More recently, The Bank of England (BoE) and Financial Conduct Authority (FCA) conducted a joint survey to better understand the current use of ML in UK financial services. One of the key findings of the survey was that ML is increasingly being adopted and respondents expect significant growth in the use of machine learning over the coming years.

The median respondent of the survey expects their number of ML applications to more than double over the next three years [Exhibit 1]. For banking and insurance the expected growth is bigger still, with firms in each sector expecting the number of ML applications to almost triple.

Exhibit 1. ML applications in UK Financial Services
Source: BoE-FCA report

Machine learning has a broad range of use cases in the finance industry. Back-office functions, such as risk management and compliance have the most frequent use cases.

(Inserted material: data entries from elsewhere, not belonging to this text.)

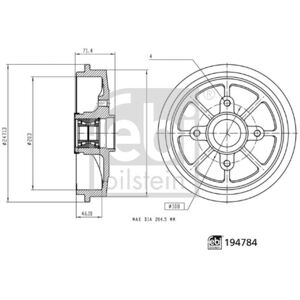 Cercle de percage -ø [mm]: 108. Cotes max.de rectification de tambour de frein [mm]: 204,5. Côté d'assemblage: Essieu arrière. Diamètre du centrage [mm]: 55,8. Diamètre extérieur [mm]: 247,13. Diamètre intérieur [mm]: 203. Fabricant: FEBI. Index: FE194784. Jante, nombre de trous: 4. Largeur [mm]: 46. Numéro du fabricant: 194784. Poids [kg]: 7,06. Épaisseur [mm]: 71,4.
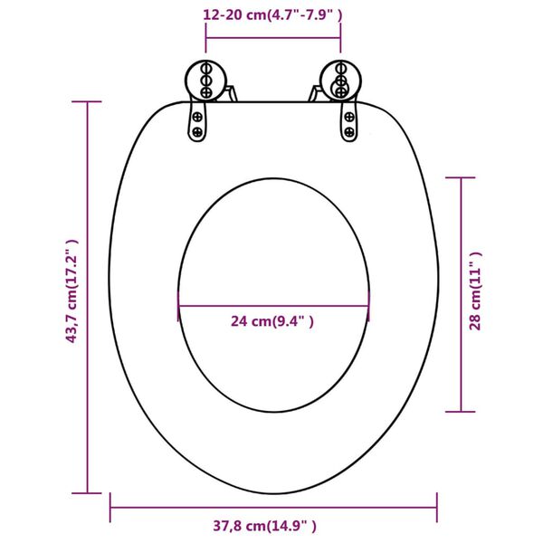 Poklop a sedadlo z MDF sa vyznačujú vysokou tuhosťou, tvrdosťou a pevnosťou. Vďaka pántom z extra pevnej a trvácnej zlatiny chrómu a zinku vám toto WC sedadlo vydrží naozaj dlho. WC sedadlo je vhodné na všetky bežné WC misy a šírka pántov sa dá nastaviť v rozmedzí od 12 do 20 cm. Dá sa jednoducho namontovať a ľahko sa čistí.
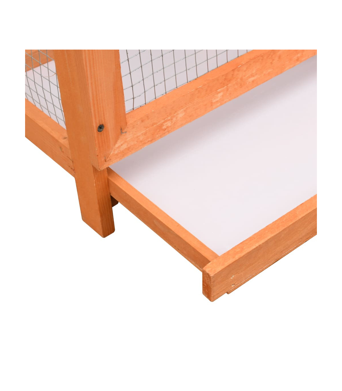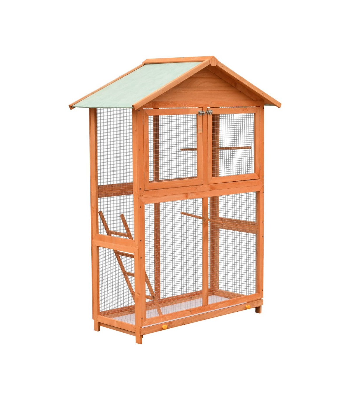 This wooden bird house provides a large, cosy place for your birds to fly and play safely. This high-quality aviary provides plenty of exercise space for your birds, while the tight iron wire mesh all around helps prevent mischief and unexpected accidents. The construction of iron wire grid allows you to observe the birds and guarantees your birds a wide field of view and enough fresh air. With a solid wooden frame, the outdoor aviary is strong and durable. The green water-resistant fabric on the roof keeps rain away. A ladder allows the birds to ascent and descent easily. A pull-out tray at the bottom of the bird cage makes cleaning easy. The bird cage is easy to assemble.
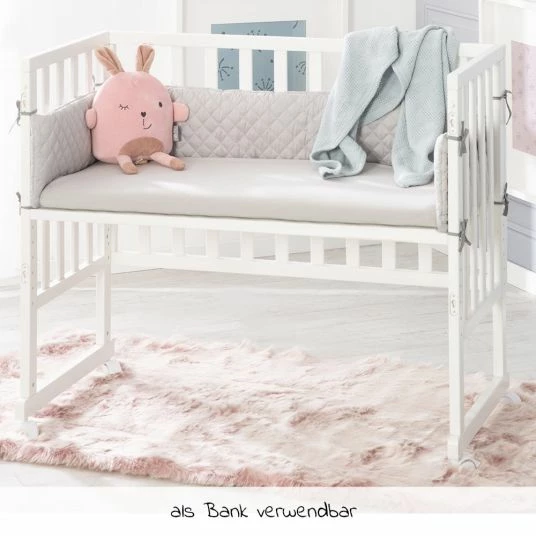 Das 3 in1 Stubenbett, Roba Style Silbergrau Weiß von Roba ist als Beistellbett zum Elternbett, Stubenbett und später auch als Sitzbank verwendbar. Es ist von Geburt an geeignet. Das Bettchen beinhaltet eine Babymatratze 45 x 90 cm aus PU-Schaumstoff, ein gepolstertes Nestchen und eine Sicherheitsbarriere im Roba Style Design.
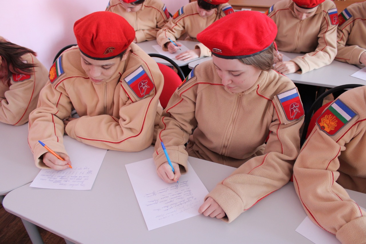 Юнармейцы МБОУ СОШ №1 с.Верхние Татышлы приняли участие во Всероссийской акции «Письмо солдату». Они написали письма со словами поддержки участникам операции.
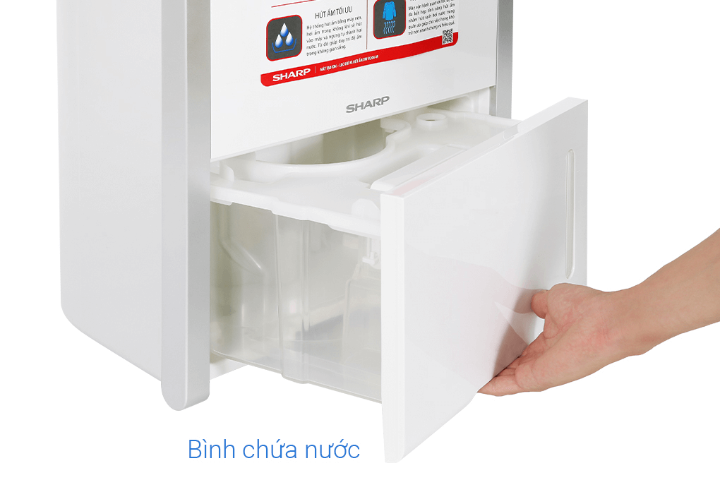 Máy lọc không khí hút ẩm Sharp DW-D20A-W có dung tích bình chưa lên tới 4 lít, một ngày trung bình có thể hút 20 lít nước, ngoài ra có thể nối ống cho nước chảy từ bình chứa ra ngoài mà không cần tháo bình
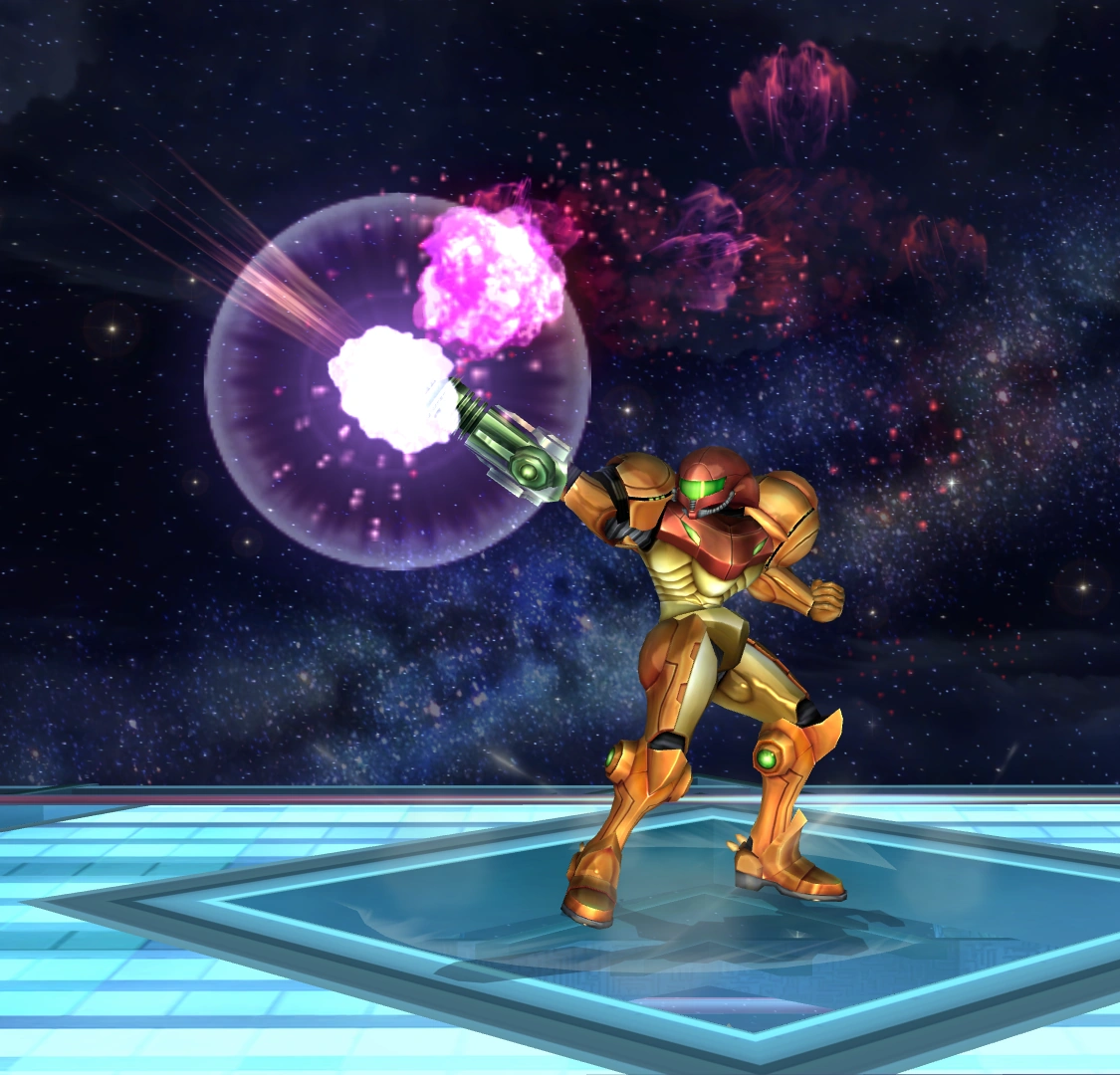 "Samus uses her arm cannon in an arc above her head. This can hit grounded opponents but more often hits multiple times against airborne opponents."
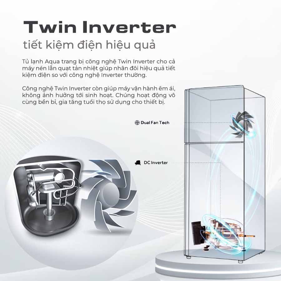 Tủ lạnh Aqua trang bị công nghệ Twin Inverter cho cả máy nén lẫn quạt tản nhiệt giúp nhân đôi hiệu quả tiết kiệm điện so với công nghệ Inverter thường.
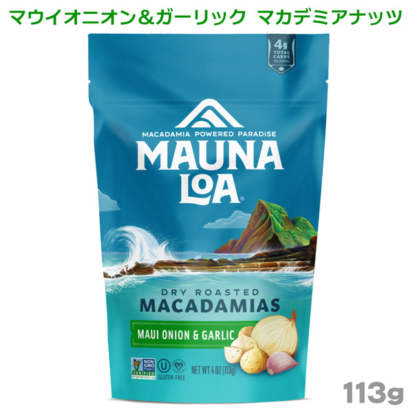 原材料名:マカデミアナッツ、オニオン・ガーリックシーズニング(オニオン、食塩、ぶどう糖、ガーリック、マルトデキストリン、香辛料、酵母エキス、植物油脂、たん白加水分解物)、植物油脂/リンゴ酸、香料(一部に大豆を含む)
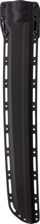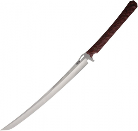 26" (66.04cm) overall. 16" (40.64cm) satin finish CPM MagnaCut stainless blade. Black and red sculpted G10 handle. Full tang. Samurai style blade. Carbon fiber Kydex MOLLE compatible belt sheath. Bulk packed.

These include anti-money laundering (AML) and fraud detection, as the need to connect large data sets and undertake pattern detection lends itself well to ML. However, ML is also increasingly being applied in front-office functions, like customer management, sales and trading. These use cases are made possible through different types of algorithms.

Learning types and algorithms explained

Let us look at some of the popular machine learning algorithms used in the finance industry according to learning types.

Supervised learning

This learning process is based on a set of known data previously tagged by an expert whose analysis helps define the new information. A way to do this is through classification, which allows new data to be assigned to different categories. Another method is regression, which relies on known information to predict certain behaviours or outcomes. Both regression and classification methods can be developed through decision trees.

Supervised machine learning algorithms are widely used in the finance industry for a variety of applications, as detailed in the tables below.

Use case	Description
Credit Risk Assessment	Assess credit risk by predicting the likelihood of loan default. Models can be trained on historical data of borrowers, including their credit history, income, and other relevant features, to determine creditworthiness.
Fraud Detection	Identify fraudulent activities by learning from labelled data that includes both legitimate and fraudulent transactions. This enables financial institutions to detect suspicious behaviour and prevent potential fraud.
Customer Churn Prediction	Predict customer churn by training models on historical customer data, including their interactions with the company and previous churn instances. This helps businesses identify at-risk customers and implement retention strategies.
Market Price Prediction	Forecast stock prices, currency exchange rates, and other financial instruments by learning patterns from historical market data and relevant indicators.
Customer Segmentation	Segment customers based on their preferences and behaviours, allowing financial institutions to target specific groups with tailored marketing campaigns.
Regulatory Compliance	Supervised learning algorithms can aid in regulatory compliance by identifying potential violations, ensuring adherence to financial regulations.
Personalised Financial Recommendations	Provide personalised financial recommendations, such as investment strategies, based on individual customer profiles and risk tolerances.

Unsupervised learning

This process uses unlabeled data, meaning no target variable is set and the structure is unknown. A subcategory of this is clustering, which consists of organising the available information into groups (“clusters”) with differential meanings.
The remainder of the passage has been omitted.